My eyes were opened when I recently attended a worship service with a friend who also knows very little Spanish.  Elmer’s wife sat behind us, translating as he delivered his sermon.  He preached on the David & Goliath text.  He pointed out that no one expected David, the least of all his kin, to be chosen to face the giant, much less to emerge a hero.  He preached that David had God on his side, as do we all.  He preached to this vulnerable, fragile community that if they come for you, don’t hide under the bed, but when they take you away, let your children see what you are fighting for.  I probably don’t need to add that this was a deeply humbling experience.



God of compassion, we thank you for those you send to walk with the most vulnerable during frightening times.  Amen.

Written by Carol Pye



Today’s Reading | Micah 6:8                                    Sunday | April 9


He has told you, human one, what is good and what the Lord requires from you: to do justice, embrace faithful love, and walk humbly with your God.

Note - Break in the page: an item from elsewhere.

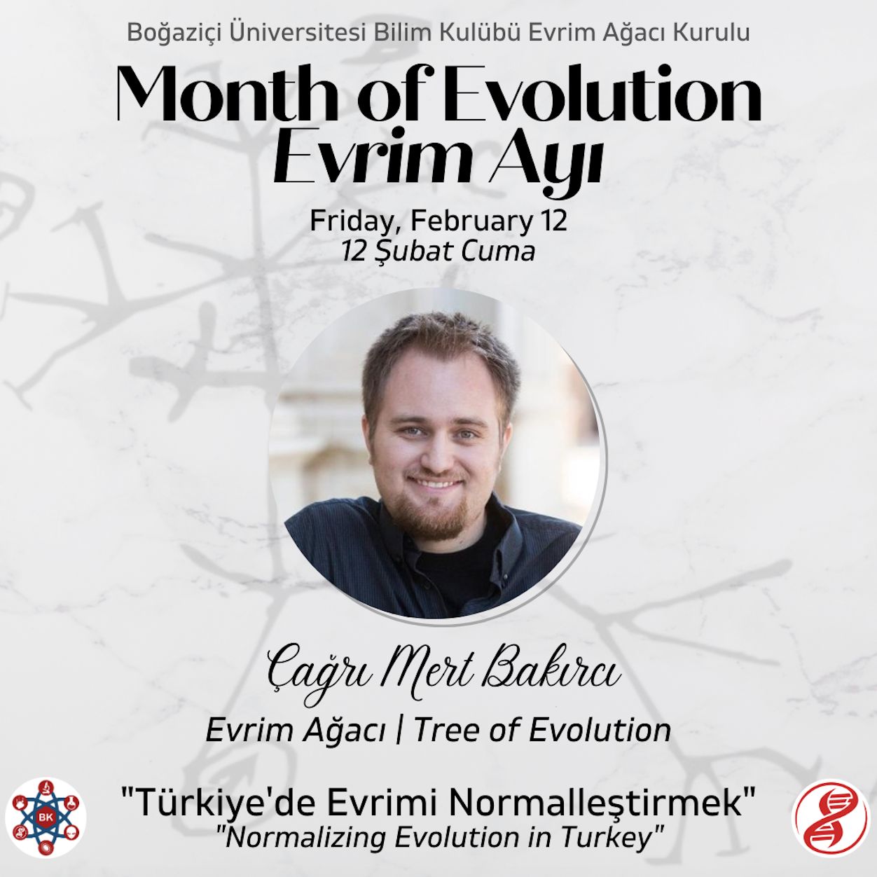 Evrim Ayı'nda Darwin Günü olan 12 Şubat'ta Çağrı Mert Bakırcı'nın "Türkiye'de Evrimi Normalleştirmek" adlı konuşmasıyla giriş yapacağız. Etkinlik YouTube'da canlı yayınlanacaktır. Evrim Ayı boyunca her oturuma ücretsiz olarak katılabilirsiniz. 12 Şubat Cuma 19.00'da Çağrı Mert Bakırcı ile olacak ilk etkinliğimizin linki aşağıdadır.

I had been struggling to sing. My voice was cracking, I couldn’t hit my high notes, I would cough when trying to sing certain notes. The ENT had discovered a small lesion on my vocal fold, and the prescription was vocal rest. I had to go the entire summer of 2014 without singing?! And only speaking at half volume and only when necessary?! Singing is who I am, my connection with God and with my own spirit. How would I survive?! I headed to Cherokee Park to walk and think and pray (yell at God?). And then, I encountered this. I stopped. I stood there for a long time. “Out of the darkness and into the light.” I had to trust that something good would come out of this mess. I snapped this photo on my phone, and to this day I keep it as a reminder that there will be times of darkness and that light will follow. And light did follow. I have my voice back, better than ever. And that summer of “half volume” made me more patient and a better listener. I certainly learned something about walking humbly with God.


Creator God, thank you for using nature to remind us of the Truth that you are always with us in times of darkness and that out of the darkness, light and good can come. Amen.